By that standard, being born without kings, princes and counts was understood to mean that social balance is put into place permanently, obviating the need for any social upheaval.

That certainly seems to be a compelling argument, especially considering that in many European nations the establishment of democracy was the end result of a usually prolonged and painstaking process of shaking off their royals.

In fact, the shakier the economy there got at the time, the more did the latter overlords seek to extract an ever-larger share of economic benefits from the country. Predictably enough, their increasing excesses and breathtaking intransigence often triggered what they intended to avoid the most: bloody bouts of conflict.

This way of looking at the social power structure of the United States is certainly very comforting. A nation formed by citizens in charge of their own destiny virtually from the beginning never undergoes the political oppression, economic exploitation and ultimately self-alienation of workers who were largely treated as the objects, not subjects, of power in feudalist societies, whether in Europe, Asia, Latin America or Africa.

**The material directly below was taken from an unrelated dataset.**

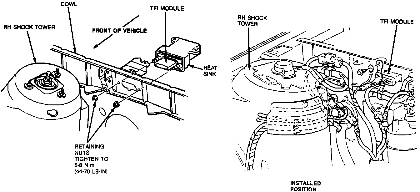 The TFI ignition module is remotely mounted and is located on the RH side of the bulkhead, under the hood. The shorting plug is located near the module towards the center of the bulkhead

Still, as impressive and path-breaking as the events of the founding of the United States were back in the 1770s and 1780s, and despite the radiating effect they had on the rest of the world for centuries to come, the fact remains that they did not represent a “revolution.”

The ratification of the U.S. Constitution, followed by the first national elections in 1789, confirmed that the United States would have a highly stable, socially conservative political system, even though it was paradoxically married to extremely dynamic economic and social systems — until a decade or two ago.

The open frontier to the west resolved these contradictions, at least for the 140 years from the ratification of the Constitution to the 1929 Wall Street crash.

And so it is not without a profound sense of irony that we are finding ourselves faced with another financial crisis. It is giving rise once more to the question of whether the deliberately non-revolutionary United States provides a fair shake to the vast majority of its people.

Forever optimists, most Americans have always answered that question in the affirmative — until now. But if we are reading the tea leaves right, there are the beginnings of the ability to do the math and to find that the U.S. economy, despite all the ideology promulgated daily, does not really work very well for the “common man (and woman).” They have been treading in place, if that, for the past 20 years, with no realistic signs of improving their lot.

This points to a surprising reality: The United States might be riper for change than the democracies of Europe and Northeast Asia. For all the shareholder focus, it may be high time to focus on the stakeholders’ interests in order to keep society from unraveling.

Until now, America’s political structures have proven completely unresponsive. The deadly bipartisan gridlock, empty promises and jockeying for advantage by the “haves” that has gripped the U.S. legislative process like a cancer may yet force a real protest movement.

That would be quite a turn of events, given the otherwise so very accommodating and domestically uncourageous attitude of Americans.

As the rise of Occupy Wall Street and the Tea Party indicates, the odds are that it is high time for a soft revolution. Doing away with such de-facto feudalist scourges as campaign finance would, in one fell swoop, lay the groundwork for a more equitable and dynamic society.

The long-held assumption that the promotion of income inequality is a tool to promote economic dynamism has been resoundingly disproven in the United States of today.

Takeaways

The widely held, even foundational belief cherished by most Americans — that their country was born in a revolution — is a historic fallacy.

The essential measure of a true revolution is whether the cardinal moment — call it "your throat or my share, sir," spoken at knifepoint — ever occurs.

Getting rid of a foreign ruler does not a revolution make. The event would be more appropriately called a liberation.

Doing away with such de-facto feudalist scourges as campaign finance would, in one fell swoop, lay the groundwork for a more equitable and dynamic society.